RDC : l’épidémie de Monkeypox déclarée au Maniema

RDC : l’épidémie de Monkeypox déclarée au Maniema

L’épidémie de MonkeyPox a été déclaré ce jeudi 9 décembre dans la province du Maniema. Cette déclaration a été par le Gouverneur ad intérim de cette province, Afani Idrissa. Et elle intervient après que la zone de santé de Tunda, dans le territoire de Kibombo a notifié 191 cas avec 24 décès dont les échantillons prélevés dans différentes aires de santé de cette partie du Maniema ont été confirmés par le laboratoire de l’INRB. 

Le gouverneur ad intérim sollicite l’appui de tous pour freiner la propagation de cette épidémie en province.  

« Depuis la trente-neuvième semaine de l’année 2021, la zone de santé de Tunda dans le territoire de Kibombo a notifiée 191 cas dont 24 décès dus au Monkeypox.  Au cours de la quarantième semaine, les échantillons prélevés dans les aires de santé de Wenga, Utchu et Weta ont été envoyés à l’INRB pour des  analyses dont les résultats viennent de confirmer l’épidémie.

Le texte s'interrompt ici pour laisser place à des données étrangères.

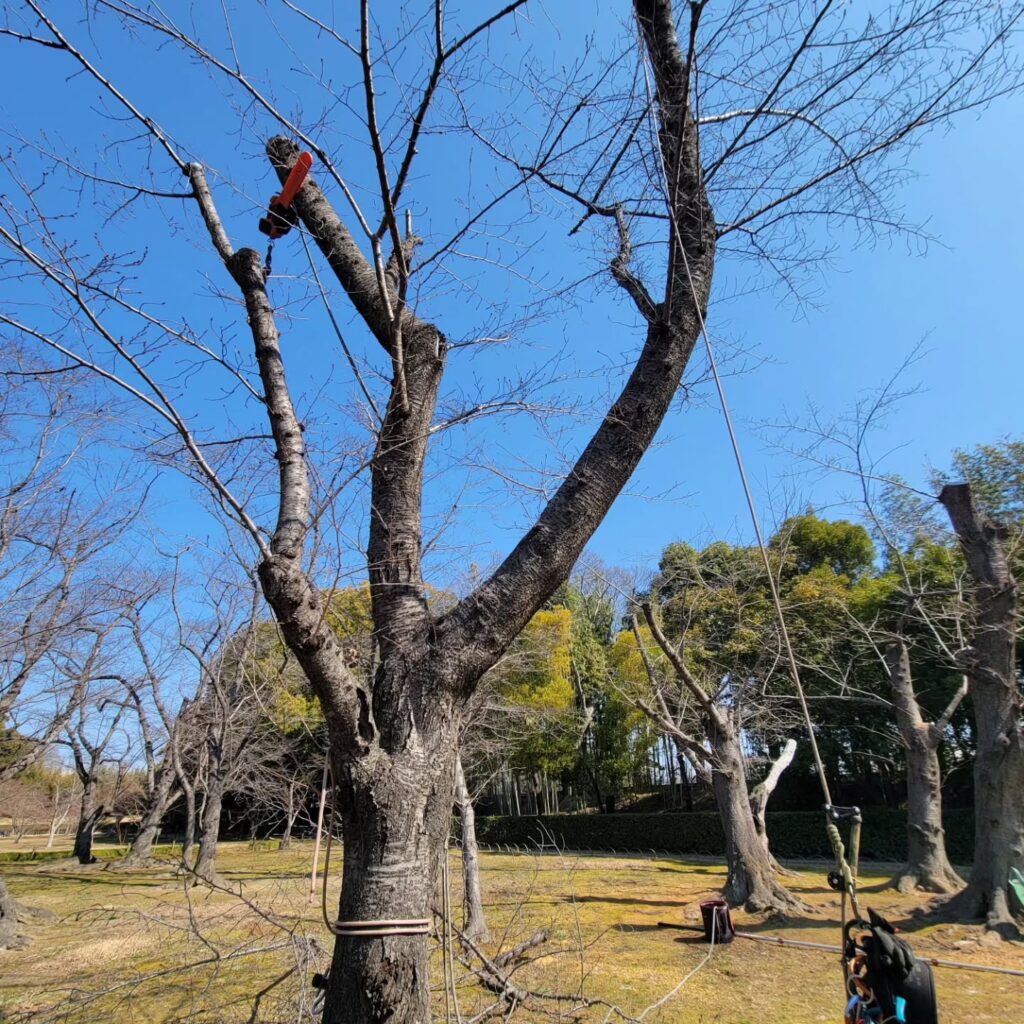 今回で2回目の作業となりますが、園内の桜は老齢木も多く、一本一本の状態を確認しながら、安全面と景観のバランスを意識した林業作業を実施しました。

Eu égard à ce qui précède, je déclare l’épidémie de Monkeypox dans la province du Maniema et sollicite l’appui du gouvernement central, des partenaires au développement ainsi que des humanitaires pour lutter contre cette épidémie.», a dit Afani Idrissa.  

Il demande, par ailleurs, à la population du Maniema de consulter les centres de santé en cas de fièvre :  

« Je demande à toute la population du Maniema en général et celle du territoire de KIBOMBO en particulier de pouvoir consulter les centres de santé les plus proches en cas de fièvre et éruption généralisée marquée au niveau de la face, des pommes des mains et plantes des pieds ».

Rappels sur monkeypox

Le monkeypox est une maladie largement auto-limitante, c’est-à-dire une maladie qui se résout elle-même. Des éruptions cutanées vésiculaires généralisées, de la fièvre et un gonflement douloureux des mâchoires sont des symptômes caractéristiques associés à une infection. Bien qu’il n’y ait pas de médicament spécifique pour traiter la maladie, lorsque des soins de soutien intensifs sont fournis, pratiquement tous les patients se rétablissent complètement, comme nous l’avons vu avec la flambée actuelle.

L’infection résulte d’un contact direct avec le sang, les fluides corporels, ou des éruptions cutanées d’animaux infectés (manipulation de macaques infectés, ou de rongeurs).

La transmission secondaire d’humain à humain, résulte d’un contact étroit avec les excrétions des voies respiratoires infectées, avec les lésions de la peau d’une personne infectée ou avec des objets contaminés récemment.

Après une période d’incubation de 6 à 16 jours, la période de l’invasion (0-5 jours), est caractérisée par de la fièvre, des maux de tête intenses, une lymphadénopathie (gonflement des ganglions lymphatiques), des douleurs musculaires. Puis survient une éruption cutanée sur le visage (dans 95% des cas), sur les paumes des mains et la plante des pieds (75%) et presque simultanément sur le corps. L’éruption se manifeste par des maculopapules (lésions avec un fond plat), puis des vésicules (petites cloques remplies de liquide), et des pustules, suivies par des croûtes. Les symptômes de la variole du singe durent habituellement de 14 à 21 jours.

Le virus est transmis par un animal infecté ou par contacts avec des éruptions cutanées, du sang ou les fluides corporels de l’animal. Le virus peut aussi être transmis personne à personne par contact et le contact respiratoire ou direct avec la literie ou les vêtements contaminés.

Il n’y a pas de traitement spécifique pour monkeypox.